Given records
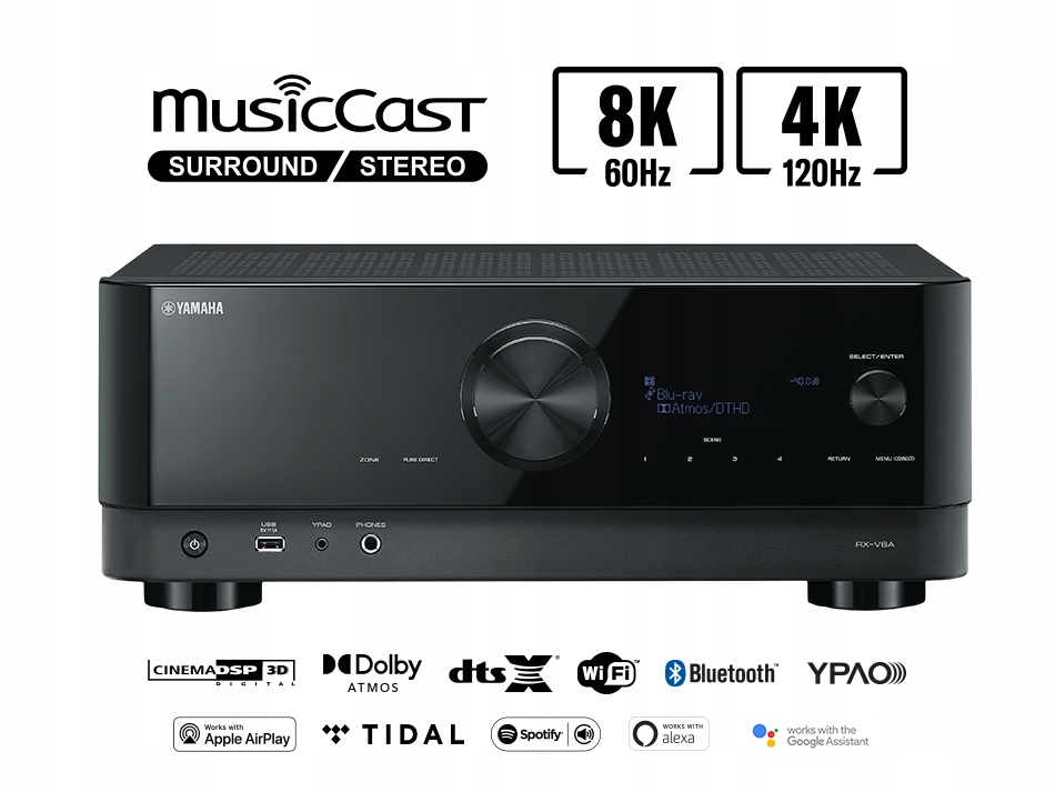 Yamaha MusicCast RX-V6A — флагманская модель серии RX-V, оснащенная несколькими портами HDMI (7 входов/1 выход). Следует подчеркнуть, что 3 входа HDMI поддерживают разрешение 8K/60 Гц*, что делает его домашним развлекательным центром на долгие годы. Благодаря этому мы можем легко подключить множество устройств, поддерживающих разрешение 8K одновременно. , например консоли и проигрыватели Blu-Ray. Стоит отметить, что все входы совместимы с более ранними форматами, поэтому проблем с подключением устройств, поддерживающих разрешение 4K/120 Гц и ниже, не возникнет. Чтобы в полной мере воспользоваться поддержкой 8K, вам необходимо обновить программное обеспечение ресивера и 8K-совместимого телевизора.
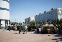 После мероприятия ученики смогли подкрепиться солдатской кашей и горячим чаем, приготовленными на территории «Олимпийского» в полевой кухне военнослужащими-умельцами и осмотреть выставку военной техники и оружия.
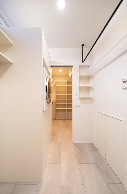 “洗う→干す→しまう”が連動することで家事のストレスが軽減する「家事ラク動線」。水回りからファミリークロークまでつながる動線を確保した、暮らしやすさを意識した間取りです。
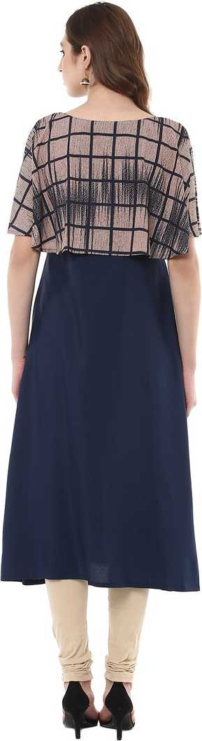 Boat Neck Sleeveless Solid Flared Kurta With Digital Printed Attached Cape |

...

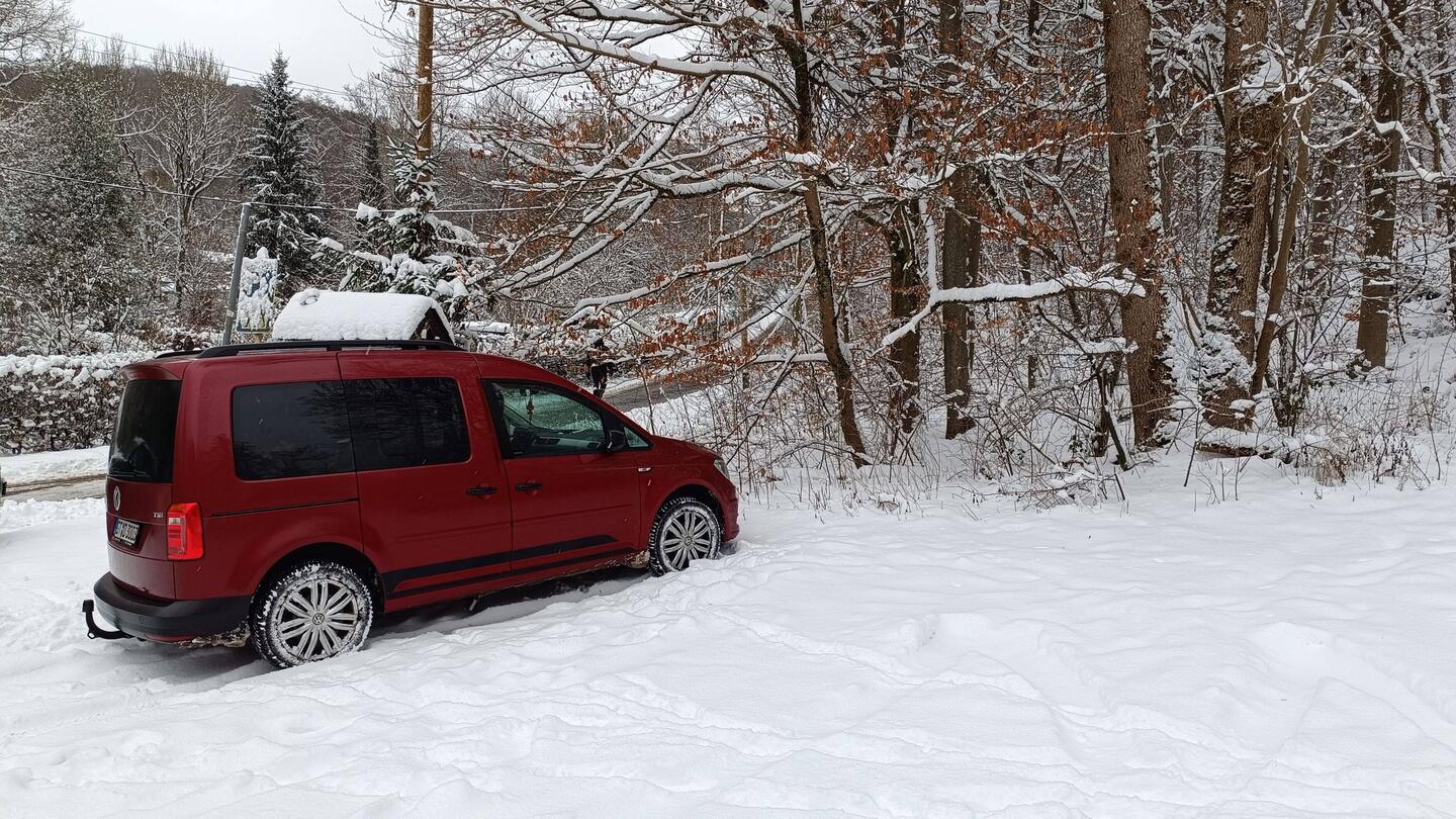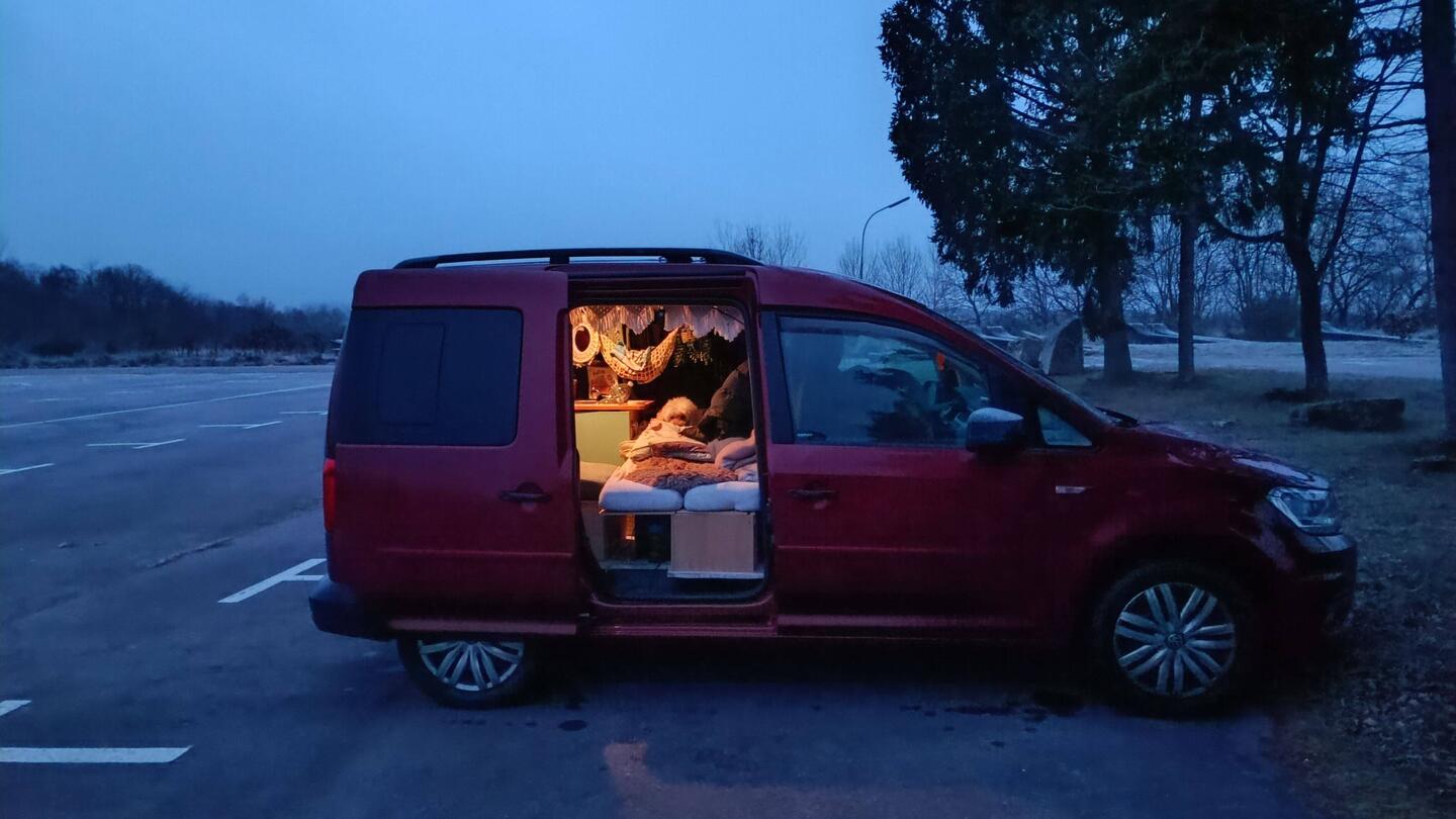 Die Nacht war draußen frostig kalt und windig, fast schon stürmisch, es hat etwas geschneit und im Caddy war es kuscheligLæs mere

Task brief
The lines above starting at the one that holds "После мероприятия ученики" and ending at the one that holds "Boat Neck Sleeveless" are to be written out exactly, ends included, and no pictures are to be copied.

Answer to the problem
 После мероприятия ученики смогли подкрепиться солдатской кашей и горячим чаем, приготовленными на территории «Олимпийского» в полевой кухне военнослужащими-умельцами и осмотреть выставку военной техники и оружия.
 “洗う→干す→しまう”が連動することで家事のストレスが軽減する「家事ラク動線」。水回りからファミリークロークまでつながる動線を確保した、暮らしやすさを意識した間取りです。
 Boat Neck Sleeveless Solid Flared Kurta With Digital Printed Attached Cape |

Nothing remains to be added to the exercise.